The present study confirmed that PTH concentrations tend to be higher for people who are older and/or black and/or who have lower GFRs (5
). Mean annual PTH concentrations were higher among women, and the seasonal PTH variation was greater in men, which could be explained by differences in mean 25(OH)D and 25(OH)D variation, respectively. BAP concentrations were higher for participants who were female, black, and/or obese. These associations may reflect increased bone turnover related to lower 25(OH)D levels.
Common genetic polymorphisms previously associated with 25(OH)D concentration in a large meta-analysis (19
) were strongly associated with the annual mean 25(OH)D concentration but not with the amount of seasonal variation in 25(OH)D concentration. Based on biologic action, genetic variability in 7-dehydrocholesterol reductase, which is involved in cutaneous vitamin D synthesis, may have been expected to influence seasonal variation in 25(OH)D. Our results suggest that examined genetic polymorphisms affect vitamin D metabolism downstream from cutaneous vitamin D synthesis and, thus, the association with annual mean but not the amount of seasonal variation.

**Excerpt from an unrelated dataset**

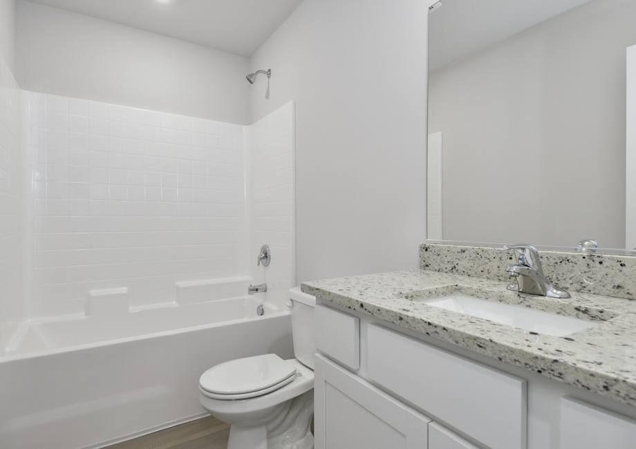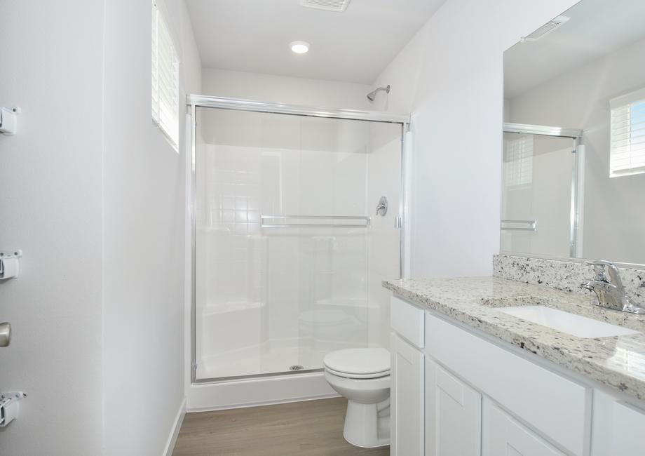 The McKenzie is the perfect choice for homeowners desiring additional space to stretch out while keeping everything organized and tucked-away. With three bedrooms and two-and-a-half bathrooms, this gorgeous home provides luxurious spaces for every family member to rest and recharge each day. A large window in the spacious master bedroom provide views of the front yard. The spacious attached bathroom includes a step-in shower, large vanity and a large walk-in closet.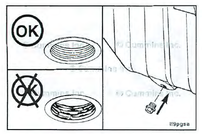 Clean and check the lubricating oil drain plug threads and sealing surface. Use a new sealing washer, if damage is

The main limitation of the present study is that variation in 25(OH)D and other biomarkers was assessed in cross-sectional analyses rather than by using multiple longitudinal measurements within individuals. Estimates of seasonal 25(OH)D variation relative to mean 25(OH)D concentrations from this study are still likely to be valid because mean seasonal 25(OH)D variation on the population level is likely to be equal or similar to the mean seasonal 25(OH)D variation of the individuals who comprise it. However, this study is unable to estimate the specific distribution of seasonal 25(OH)D variation for individuals. To validate any approach estimating year-long 25(OH)D exposure for an individual, investigators should first measure seasonal variation in 25(OH)D within individuals over time. It would also be useful to test whether randomly timed measurements of 25(OH)D concentration, season-specific 25(OH)D measurements, or a validated estimate of year-long 25(OH)D exposure most closely associates with adverse health outcomes. In addition, the present study included only older adults from 4 US communities, which limited external validity. Further limitations include no available information on dietary or supplemental sources of vitamin D and no direct measure of sun exposure; this analysis used physical activity as a maker for sun exposure, but not all physical activities occur outdoors, and use of sun protection varies widely.
The present study represents a first step toward more accurately classifying long-term vitamin D sufficiency. Ultimately, it may be useful to develop and validate equations that estimate year-long 25(OH)D exposure from single 25(OH)D measurements to better guide decisions for vitamin D supplementation in clinical practice and to reduce misclassification bias in clinical research. Further studies that seek to improve classification of vitamin D status can draw upon the cosinor model developed in this study and should take into account the clinical characteristics observed to be related to 25(OH)D concentration and its seasonal variation.